Harry Truman wanted to be in the military. He finally got into the National Guard by memorizing the eye chart to cover for his poor vision. He rose to the rank of captain and served in an artillery regiment in France in WWI. His unit had a reputation for poor discipline. With his gift for a sharp tongue he turned those in his command into an effective fighting unit.

Returning from the war he and a friend opened a haberdashery. They were unsuccessful at this venture and Harry turned to politics. He had a connection in the powerful Pendergast political machine. With Pendergast’s help Truman was elected to county court judge, an administrative position not a legal one. In 1934 he was elected to the US Senate and made the trip to Washington. As a Senator he separated himself from Pendergast by allowing Pendergast control of patronage but not control of votes. He became his own man but still a loyal Democrat.

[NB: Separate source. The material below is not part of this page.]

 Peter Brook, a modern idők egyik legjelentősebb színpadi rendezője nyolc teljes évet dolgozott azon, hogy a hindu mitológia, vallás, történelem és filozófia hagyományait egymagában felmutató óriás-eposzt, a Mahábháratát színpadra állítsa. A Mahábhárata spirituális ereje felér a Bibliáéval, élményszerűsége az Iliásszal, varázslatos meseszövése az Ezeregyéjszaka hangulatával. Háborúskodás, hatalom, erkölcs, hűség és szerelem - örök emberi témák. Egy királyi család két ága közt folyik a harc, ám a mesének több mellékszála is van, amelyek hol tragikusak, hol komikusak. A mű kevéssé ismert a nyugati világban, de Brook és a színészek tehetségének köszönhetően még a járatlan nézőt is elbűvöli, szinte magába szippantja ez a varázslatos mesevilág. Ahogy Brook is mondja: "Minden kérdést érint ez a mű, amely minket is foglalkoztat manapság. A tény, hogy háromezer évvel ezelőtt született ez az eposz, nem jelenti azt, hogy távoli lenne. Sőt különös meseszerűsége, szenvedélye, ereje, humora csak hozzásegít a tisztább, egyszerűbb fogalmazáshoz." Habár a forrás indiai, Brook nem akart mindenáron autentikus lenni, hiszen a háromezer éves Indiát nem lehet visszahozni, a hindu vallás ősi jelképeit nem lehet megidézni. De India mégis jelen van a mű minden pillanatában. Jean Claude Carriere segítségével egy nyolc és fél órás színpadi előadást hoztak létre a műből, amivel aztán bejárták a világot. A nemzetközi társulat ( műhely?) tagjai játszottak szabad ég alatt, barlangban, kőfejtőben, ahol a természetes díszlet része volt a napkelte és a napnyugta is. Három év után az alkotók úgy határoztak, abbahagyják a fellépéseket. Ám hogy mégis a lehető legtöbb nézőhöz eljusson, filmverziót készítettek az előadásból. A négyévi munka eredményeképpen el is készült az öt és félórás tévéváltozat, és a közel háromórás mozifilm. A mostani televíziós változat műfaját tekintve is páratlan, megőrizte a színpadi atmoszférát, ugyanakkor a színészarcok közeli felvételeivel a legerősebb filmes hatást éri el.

In 1944 Truman became the compromise candidate for Vice President under FDR. This pleased Harry because it recognized his independence from his political roots. It was generally assumed that Harry had peaked out. He had gone as high as he would go. But sometimes history gets in the way of plans. On April 12, 1945, after only 82 days as VP, FDR died and Harry S. Truman became President of the United States.

Now Harry was not a big man. But Harry had a big attitude. He understood that a man has to stand up for what he believes in. He knew that as President the weight was squarely on his shoulders. He was the one who said famously, “The buck stops here.” And he meant it. When decisions needed to be made he would get the best information available and make the decision. There were no series of meeting over weeks and weeks attempting to get every position possible and then taking more weeks to ponder the ramifications of each position. You might say Harry led from the front.

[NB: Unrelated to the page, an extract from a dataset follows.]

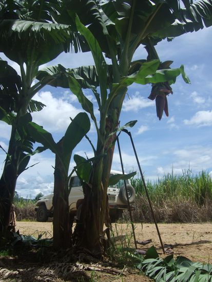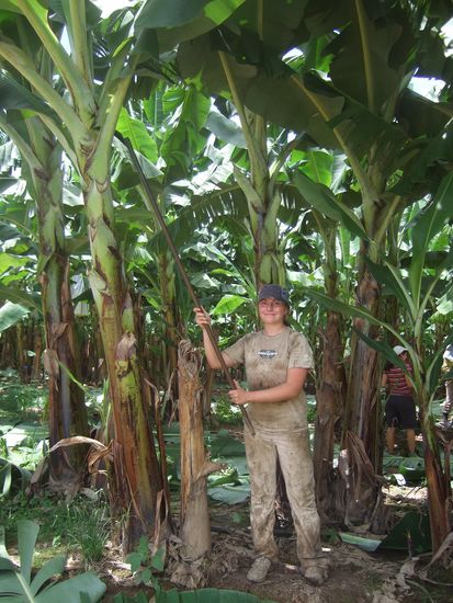 Freitags angekommen, Montag angefangen mit Arbeit. Diesmal auf einer Bananenfarm, die ersten paar Tage Sortieren im Schatten, waehrend ab und zu mal ne Riesenkakalake einen bekrabelt hat, danach dann bei meistens 25 bis 33 Grad bei Sonne und Regen draussen auf dem Feld gestanden und mit nem verlaengertem Messer/Sense die ueberfluessigen Blaetter abgeschnitten.
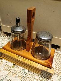 DOSA ZUCCHERO E SPARGICACAO A VELO per caffè e cappuccino Il DOSA ZUCCHERO E SPARGICACAO A VELO IN VETRO E TAPPO IN ACCIAIO SONO ALLOGGIATI IN UN CESTO IN LEGNO CON MANICO . Larghezza 21 cm, altezza 18 cm

When WWII ended in Europe, Truman was faced with one of the most difficult decisions a President has had to make. He knew that the only conventional way to defeat Japan would be to attack their homeland. He also knew that the death toll would be terrible and far too many of those dying would be Americans. So he ordered two atomic bombs to be dropped on Hiroshima and Nagasaki. The devastation was terrible, but Japan sued for peace within weeks. He took the weight and the abuse and never flinched. He knew he had made the right decision.

In 1948 Truman ran on his own for President. His opponent was a smart savvy lawyer named Thomas E. Dewey. From the beginning Dewey was favored to win. There had been many things done after the war, from the Marshall Plan to the formation of Israel that were unpopular in some quarters. But Harry soldiered on “whistle stopping” around the country. On the day of the election the consensus opinion was that Truman was done. As I said previously “sometimes history gets in the way of plans”. Harry was elected to his first full term.

Soon he was faced with another crushing decision. South Korea was an ally in WWII. As an ally we were pledged to come to their defense if needed. In 1950 it was needed. The North Korean Army attacked the South. We went to their defense but without the consent of Congress. It was called a police action but it was a war. The fighting ended in an armistice but the war was never fully resolved even today.

It didn’t take much to get Harry’s dander up. His daughter Margret was a singer. Some say her talent might have had some limits. In 1950 she gave a concert that a critic named Hume panned quite thoroughly. Harry wrote him a letter in which he threatened to break Mr. Hume’s nose and blacken his eyes. Probably not appropriate for a President but as the father of daughters, I can understand.

The point being that President Truman was cranky, self assured, irascible, and sometimes rude, but he was comfortable in his own skin. He was a leader. He was a stand up guy to use the vernacular. But most of all, he is far, far removed from what the Democrat party is today.